May 10, 2006
Journal Article

The Use of Energy Windowing to Discriminate SNM from NORM in Radiation Portal Monitors

Abstract

Energy windowing is an alarm algorithm method that can be applied to plastic scintillator-based radiation portal monitors (RPMs) to reduce the alarm rates from naturally occurring radioactive material. Various implementations of energy windowing have been tested and documented by industry and at Pacific Northwest National Laboratory, and are available in commercial RPMs built by several manufacturers. Moreover, energy windowing is being used in deployed RPMs to reduce nuisance alarms during the screening of cargo. This paper describes energy windowing algorithms and demonstrates how these algorithms succeed when applied to “controlled” experimental measurements and “real world” vehicle-traffic data. (PIET-43741-TM-281)

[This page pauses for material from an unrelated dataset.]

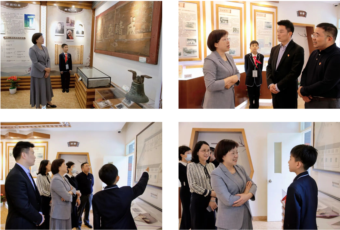 首先,袁园一行走进校史室,在红领巾讲解员的解说下,听取了学校校史的介绍,在听取的过程中,她非常关心校报《梅讯》在当下的传承与发展,并指出悠久的办学历史是梅溪的一笔宝贵财富,学校的发展要在传承的基础上进行创新。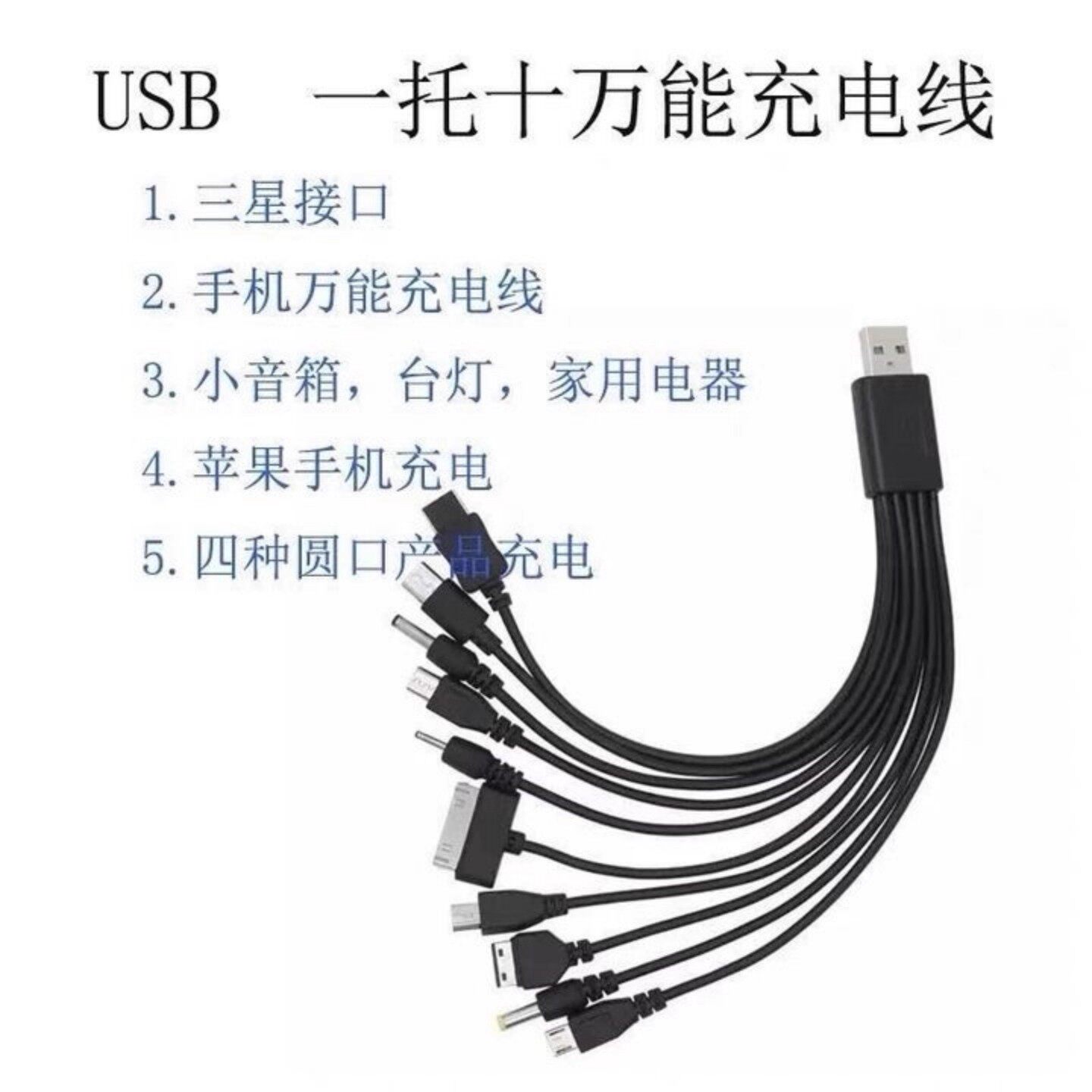 一拖十多功能手机充电线老人机电源多头10十合一USB数据线多用老款DC圆形插头适用诺基亚安卓老式接口充电器

Revised: April 6, 2011 | Published: May 10, 2006

Citation

Ely J.H., R.T. Kouzes, J.E. Schweppe, E.R. Siciliano, D.M. Strachan, and D.R. Weier. 2006. The Use of Energy Windowing to Discriminate SNM from NORM in Radiation Portal Monitors. Nuclear Instruments and Methods in Physics Research. Section A, Accelerators, Spectrometers, Detectors and Associated Equipment 560, no. 2:373-387. PNNL-SA-44680.